Exercise data:
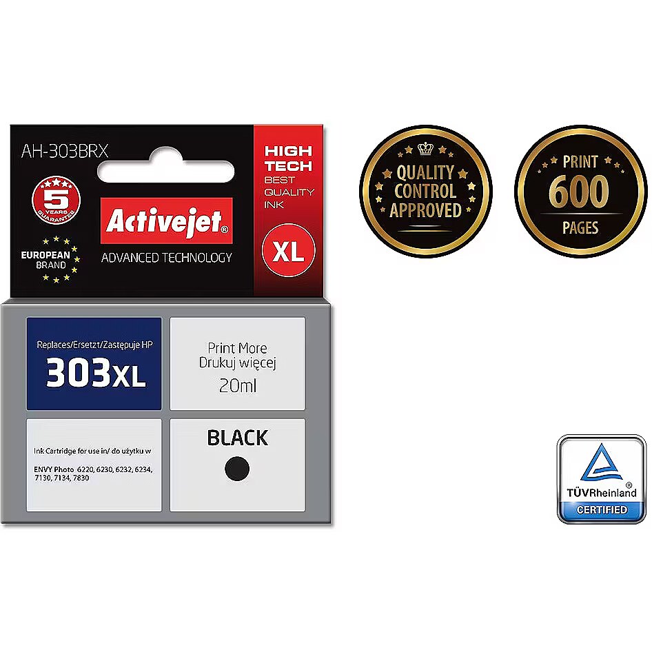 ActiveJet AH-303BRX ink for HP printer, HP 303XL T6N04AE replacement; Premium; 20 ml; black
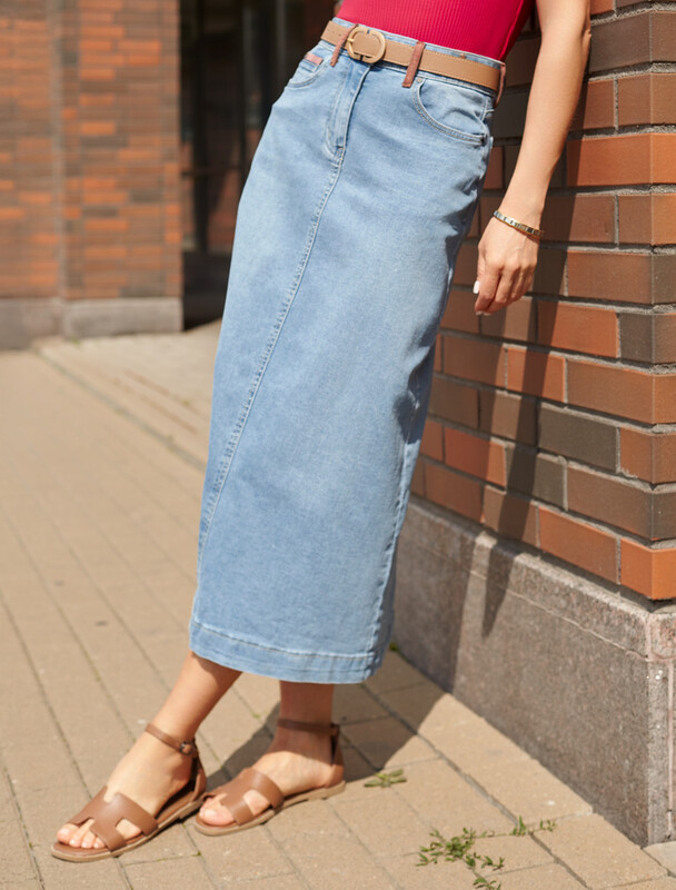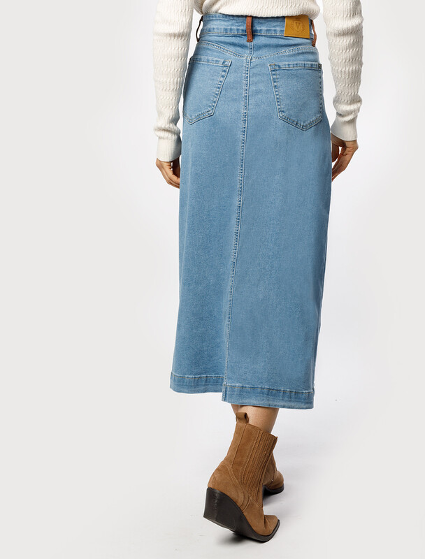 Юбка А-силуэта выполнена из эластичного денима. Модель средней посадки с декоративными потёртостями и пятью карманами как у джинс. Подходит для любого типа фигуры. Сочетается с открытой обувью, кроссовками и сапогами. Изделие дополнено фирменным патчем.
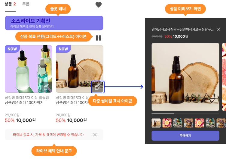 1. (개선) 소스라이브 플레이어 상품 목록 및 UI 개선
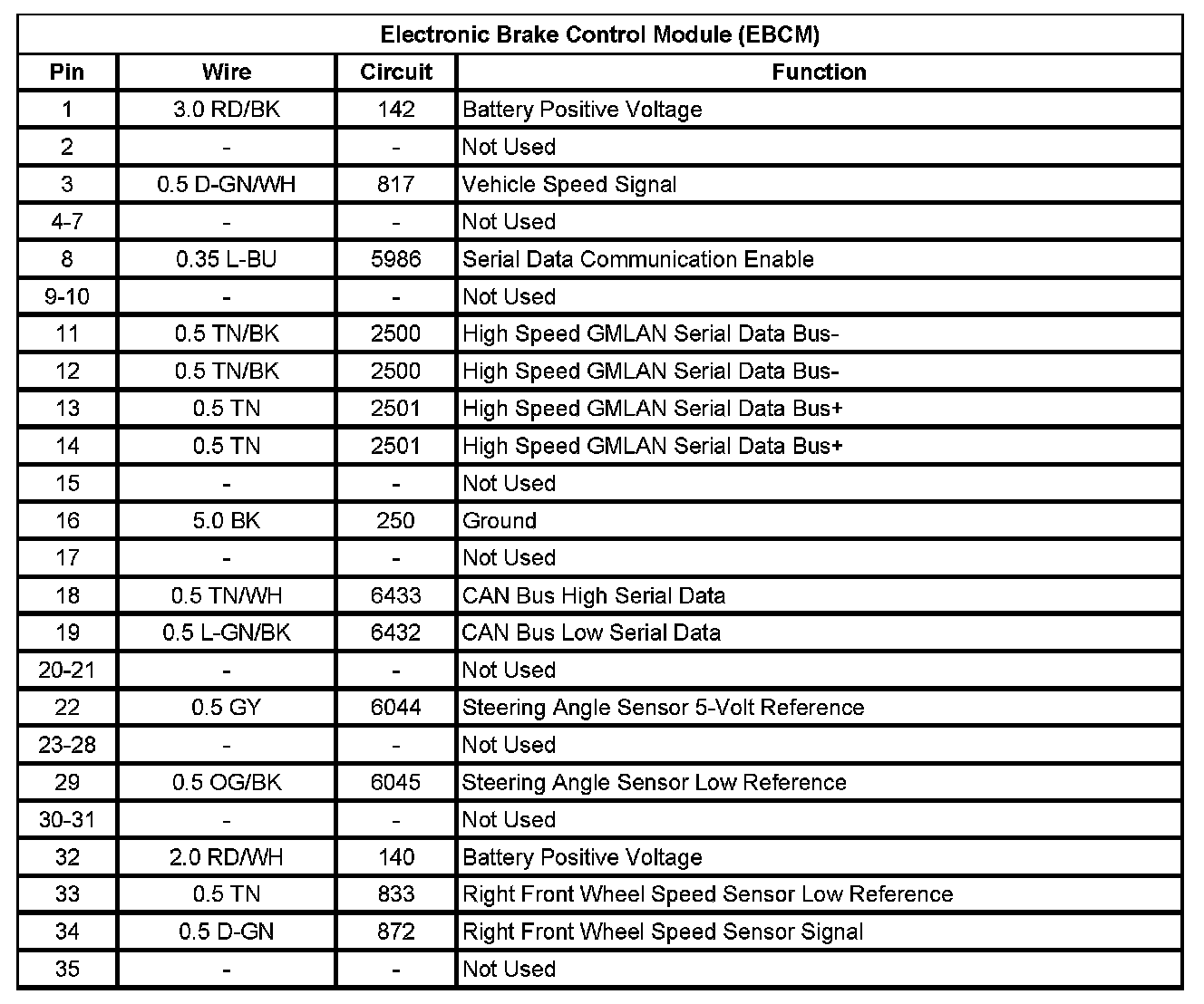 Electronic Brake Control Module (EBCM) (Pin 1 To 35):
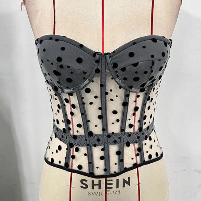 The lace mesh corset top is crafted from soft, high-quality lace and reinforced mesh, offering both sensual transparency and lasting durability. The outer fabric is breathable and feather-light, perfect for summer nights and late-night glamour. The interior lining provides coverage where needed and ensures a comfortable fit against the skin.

What needs to be done:
In your reply, please print exactly the lines from the one with "Юбка А-силуэта выполнена" through the final line of the listing above, both included, and no pictures.

Answer space:
 Юбка А-силуэта выполнена из эластичного денима. Модель средней посадки с декоративными потёртостями и пятью карманами как у джинс. Подходит для любого типа фигуры. Сочетается с открытой обувью, кроссовками и сапогами. Изделие дополнено фирменным патчем.
 1. (개선) 소스라이브 플레이어 상품 목록 및 UI 개선
 Electronic Brake Control Module (EBCM) (Pin 1 To 35):
 The lace mesh corset top is crafted from soft, high-quality lace and reinforced mesh, offering both sensual transparency and lasting durability. The outer fabric is breathable and feather-light, perfect for summer nights and late-night glamour. The interior lining provides coverage where needed and ensures a comfortable fit against the skin.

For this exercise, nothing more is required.